Stored dataset items
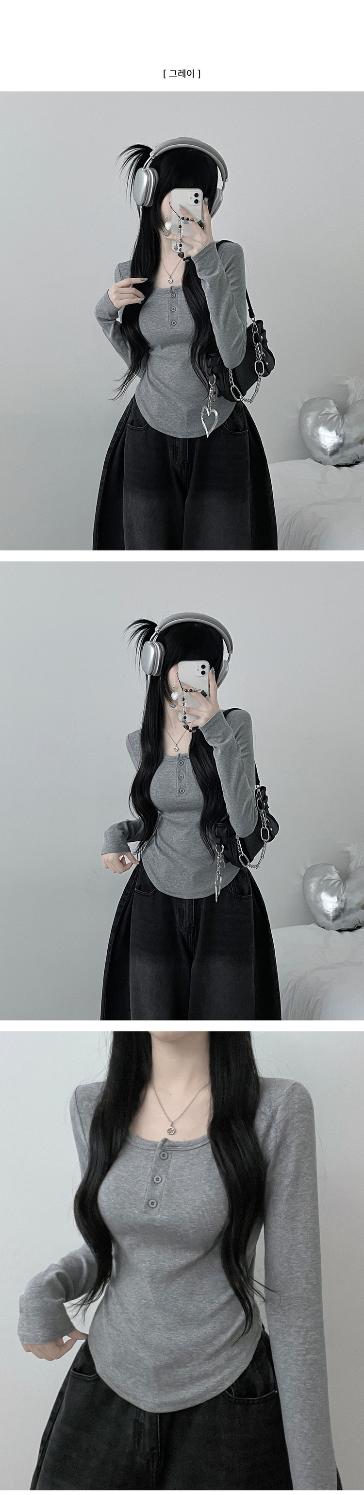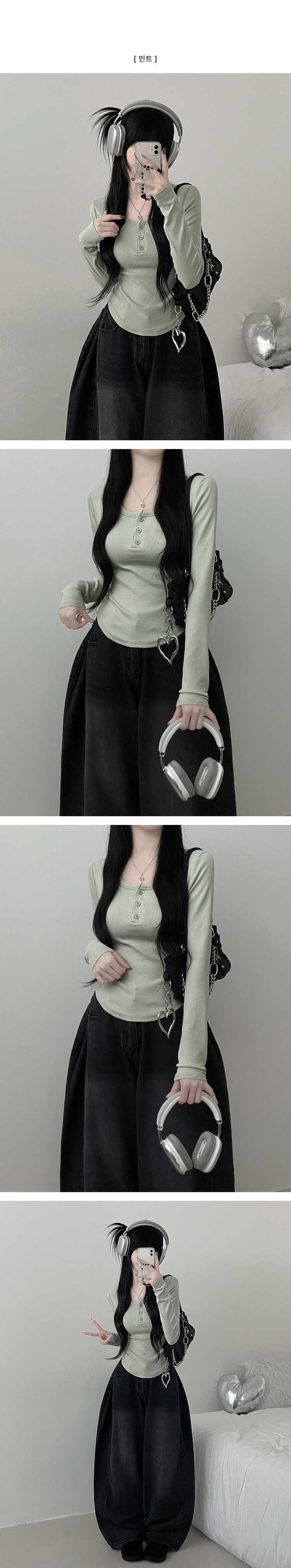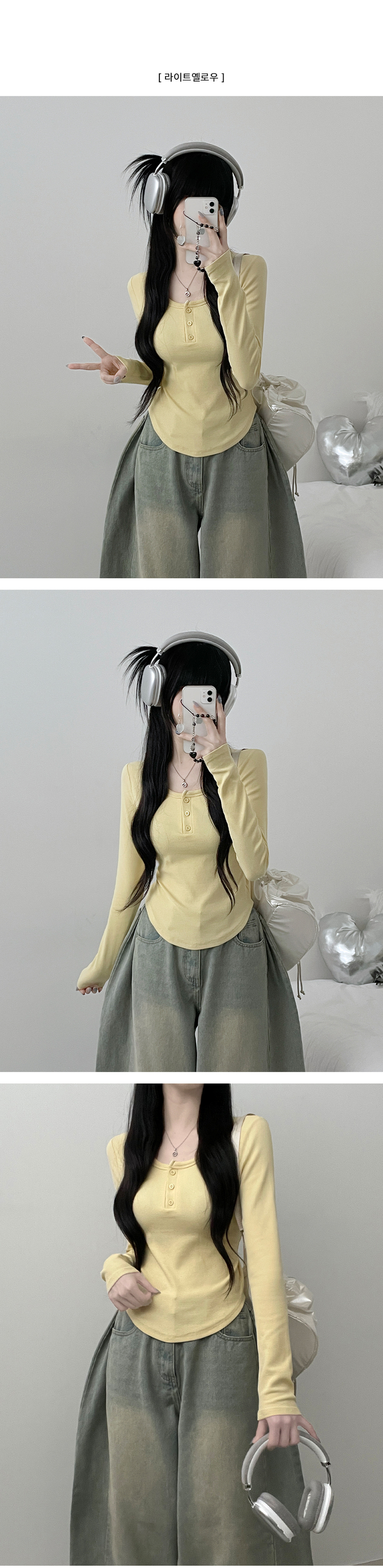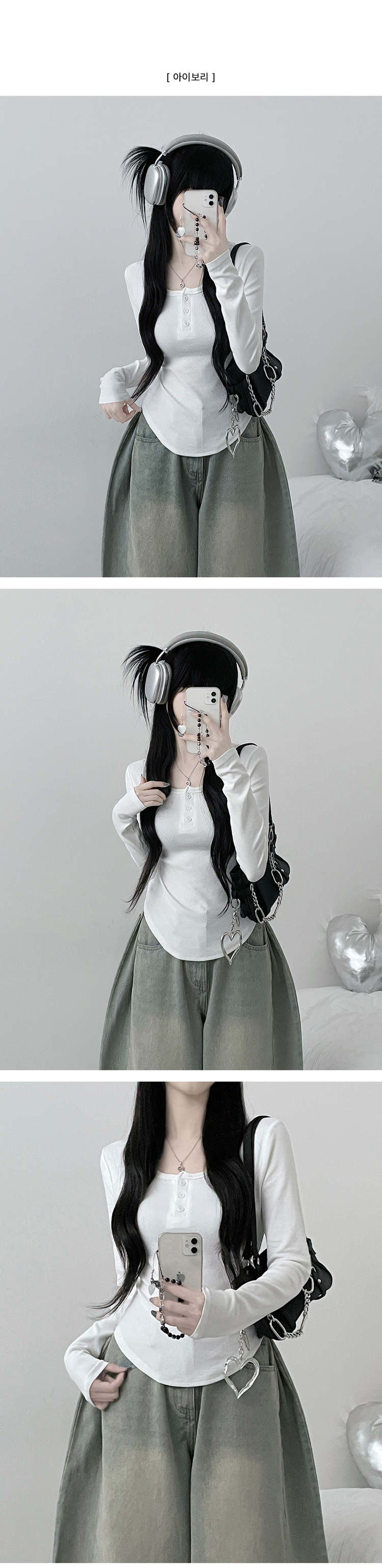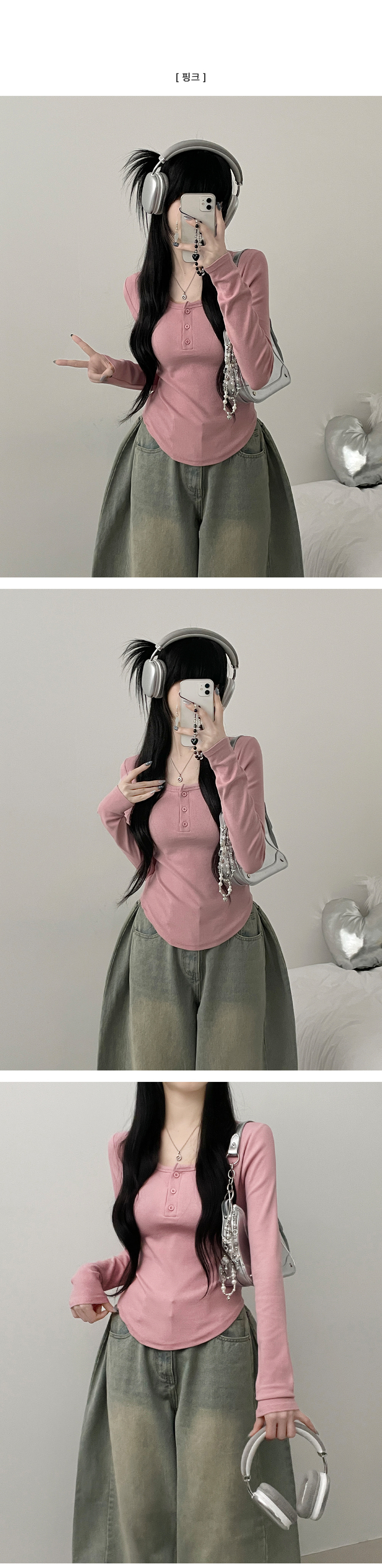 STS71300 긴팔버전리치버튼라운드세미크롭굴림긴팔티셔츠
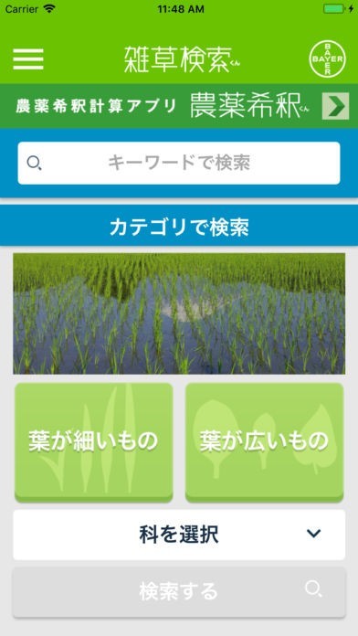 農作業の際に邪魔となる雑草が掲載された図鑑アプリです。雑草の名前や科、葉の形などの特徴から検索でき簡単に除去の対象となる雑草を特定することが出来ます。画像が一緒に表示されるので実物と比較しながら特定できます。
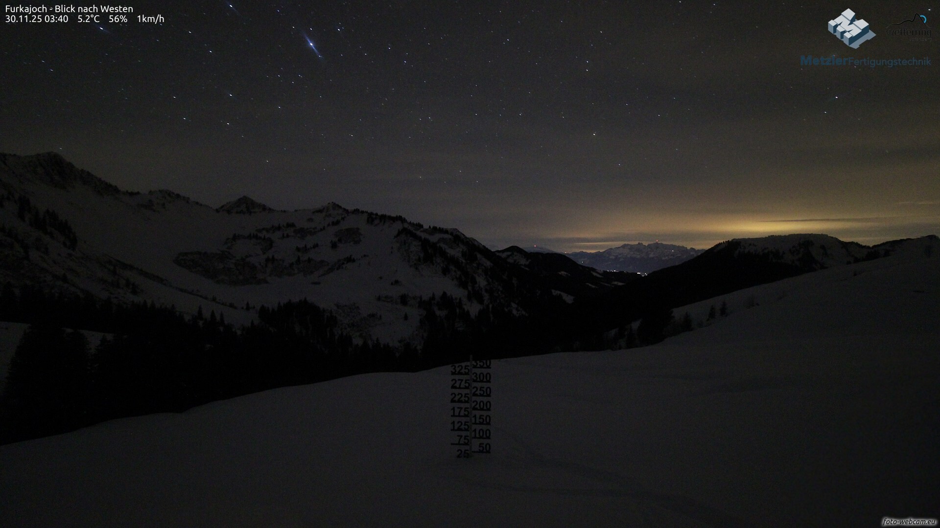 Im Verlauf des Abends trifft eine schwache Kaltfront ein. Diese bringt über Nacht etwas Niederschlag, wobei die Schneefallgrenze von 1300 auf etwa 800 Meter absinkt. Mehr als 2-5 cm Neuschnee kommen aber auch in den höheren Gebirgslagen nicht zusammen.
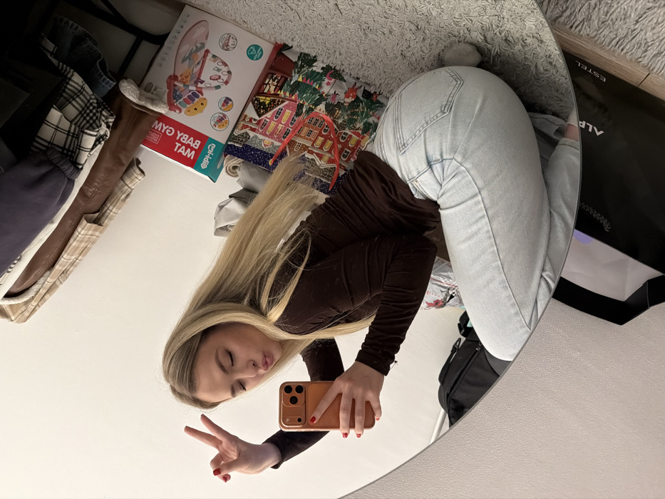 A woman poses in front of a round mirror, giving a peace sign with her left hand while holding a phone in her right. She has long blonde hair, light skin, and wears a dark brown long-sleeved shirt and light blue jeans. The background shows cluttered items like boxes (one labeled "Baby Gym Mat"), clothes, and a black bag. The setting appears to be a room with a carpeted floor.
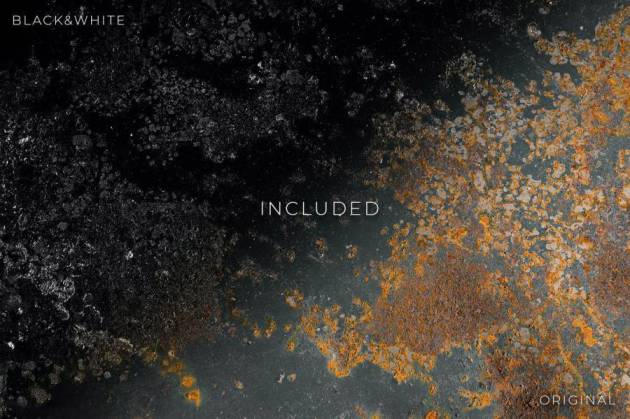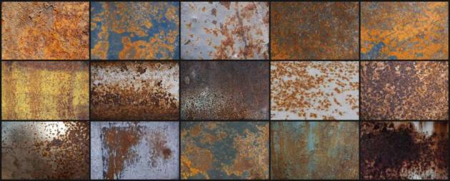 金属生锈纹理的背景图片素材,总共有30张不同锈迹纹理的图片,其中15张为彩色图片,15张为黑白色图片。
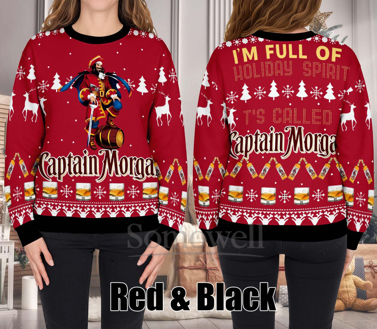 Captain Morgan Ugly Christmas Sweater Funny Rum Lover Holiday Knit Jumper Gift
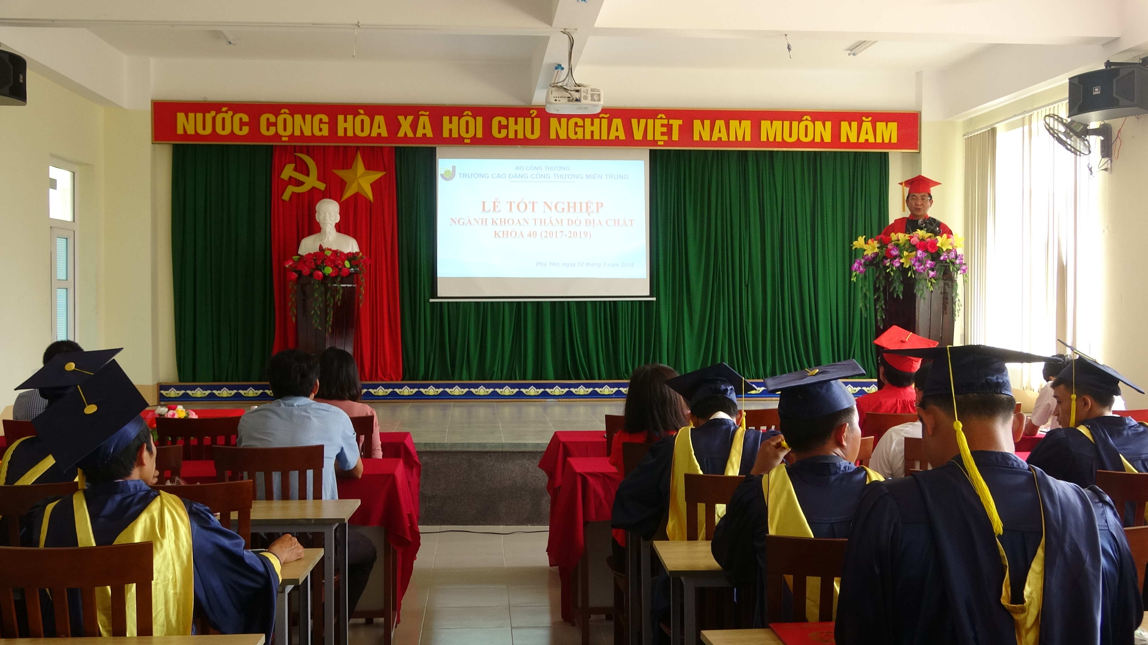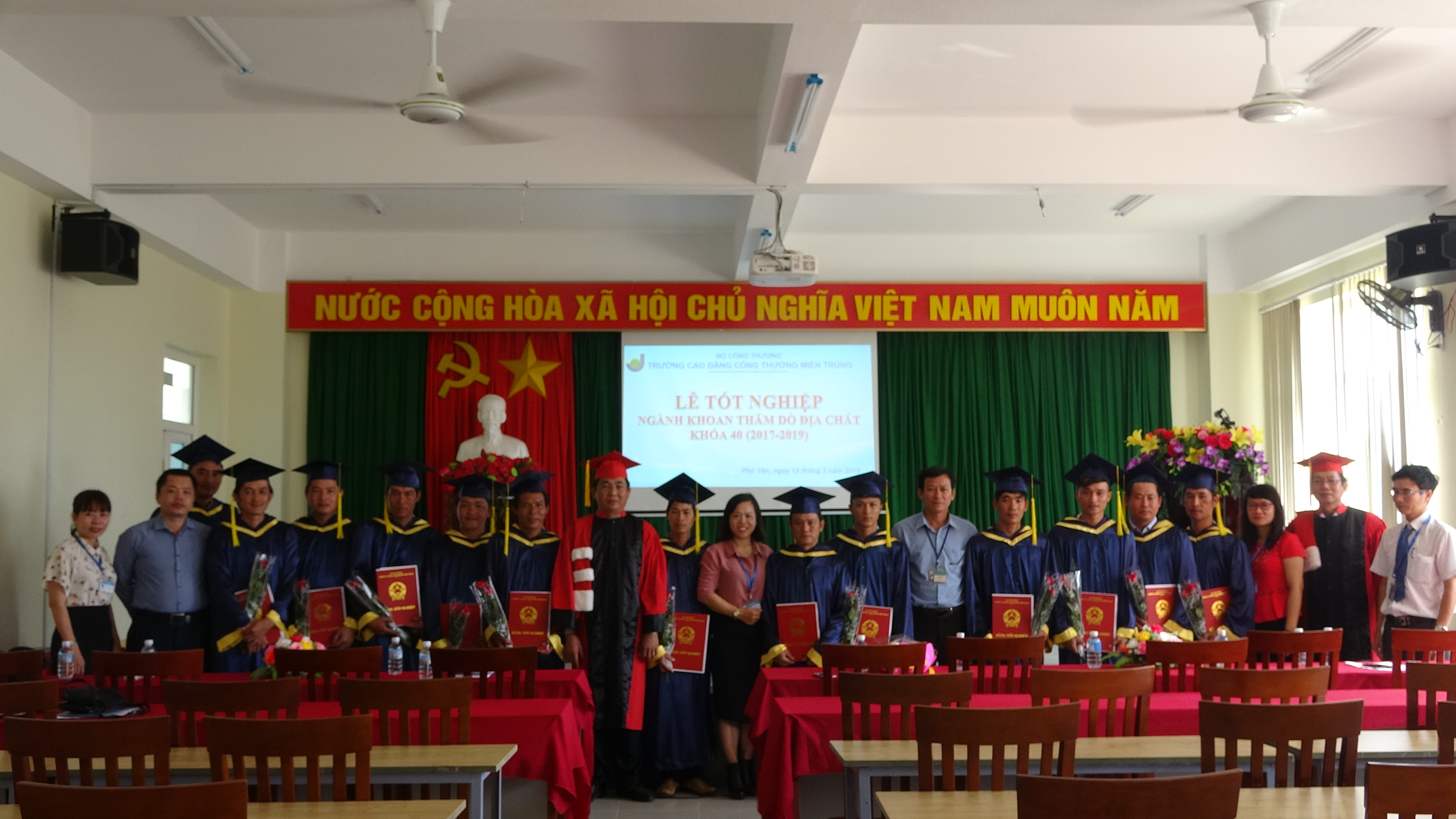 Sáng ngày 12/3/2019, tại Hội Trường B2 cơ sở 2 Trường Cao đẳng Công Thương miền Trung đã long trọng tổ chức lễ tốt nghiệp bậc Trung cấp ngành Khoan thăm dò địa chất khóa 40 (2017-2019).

◆ Assignment: Transcribe all the entries precisely. Do not include any picture.

◆ Response area:
 STS71300 긴팔버전리치버튼라운드세미크롭굴림긴팔티셔츠
 農作業の際に邪魔となる雑草が掲載された図鑑アプリです。雑草の名前や科、葉の形などの特徴から検索でき簡単に除去の対象となる雑草を特定することが出来ます。画像が一緒に表示されるので実物と比較しながら特定できます。
 Im Verlauf des Abends trifft eine schwache Kaltfront ein. Diese bringt über Nacht etwas Niederschlag, wobei die Schneefallgrenze von 1300 auf etwa 800 Meter absinkt. Mehr als 2-5 cm Neuschnee kommen aber auch in den höheren Gebirgslagen nicht zusammen.
 A woman poses in front of a round mirror, giving a peace sign with her left hand while holding a phone in her right. She has long blonde hair, light skin, and wears a dark brown long-sleeved shirt and light blue jeans. The background shows cluttered items like boxes (one labeled "Baby Gym Mat"), clothes, and a black bag. The setting appears to be a room with a carpeted floor.
 金属生锈纹理的背景图片素材,总共有30张不同锈迹纹理的图片,其中15张为彩色图片,15张为黑白色图片。
 Captain Morgan Ugly Christmas Sweater Funny Rum Lover Holiday Knit Jumper Gift
 Sáng ngày 12/3/2019, tại Hội Trường B2 cơ sở 2 Trường Cao đẳng Công Thương miền Trung đã long trọng tổ chức lễ tốt nghiệp bậc Trung cấp ngành Khoan thăm dò địa chất khóa 40 (2017-2019).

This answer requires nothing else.